The Agent That Teaches Itself

52,000 GitHub stars in two months. Seven releases in four weeks. An issue tracker north of 7,400 and climbing by the dozen daily.

Hermes Agent is from Nous Research — the people behind the Hermes series of fine-tuned LLMs. That matters. This isn't some random agent framework from a dev tools startup. It's built by a lab that trains the actual models. And when you dig into the repo, you can see they're playing a different game to everyone else in this space.

Hermes Agent homepage — dark, moody, very on-brand for an AI research lab

What it actually does

The pitch is "an agent that grows with you." Sounds like marketing, but the mechanism is real.

When Hermes completes a task successfully — and you don't correct it or redo the work — it extracts a reusable skill from that interaction. Not a chat log or a raw transcript. A structured SKILL.md document with activation conditions, the approach that worked, and supporting files. Next time it sees a similar task, it pulls the relevant skill instead of reasoning from scratch.

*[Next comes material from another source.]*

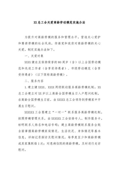 / 【七哥公文】2024年:XX总工会关爱高龄劳动模范实施办法+更多免费公文+VX:QiGeGongWen2024

It maintains persistent memory across sessions too. A MEMORY.md for environment context and lessons learned. A USER.md for your preferences and decision history. SQLite with full-text search across every past conversation. And a user modelling system (via Honcho) that builds a deepening profile of who you are and how you work.

Whether this loop actually compounds into something useful depends on volume. The community consensus seems to be that benefits kick in after 20-30 tasks in a domain. Before that, you're basically running a normal agent with extra overhead.

Not a coding assistant

This is where most people's mental model breaks. Hermes Agent isn't competing with Claude Code or Cursor. Different animal.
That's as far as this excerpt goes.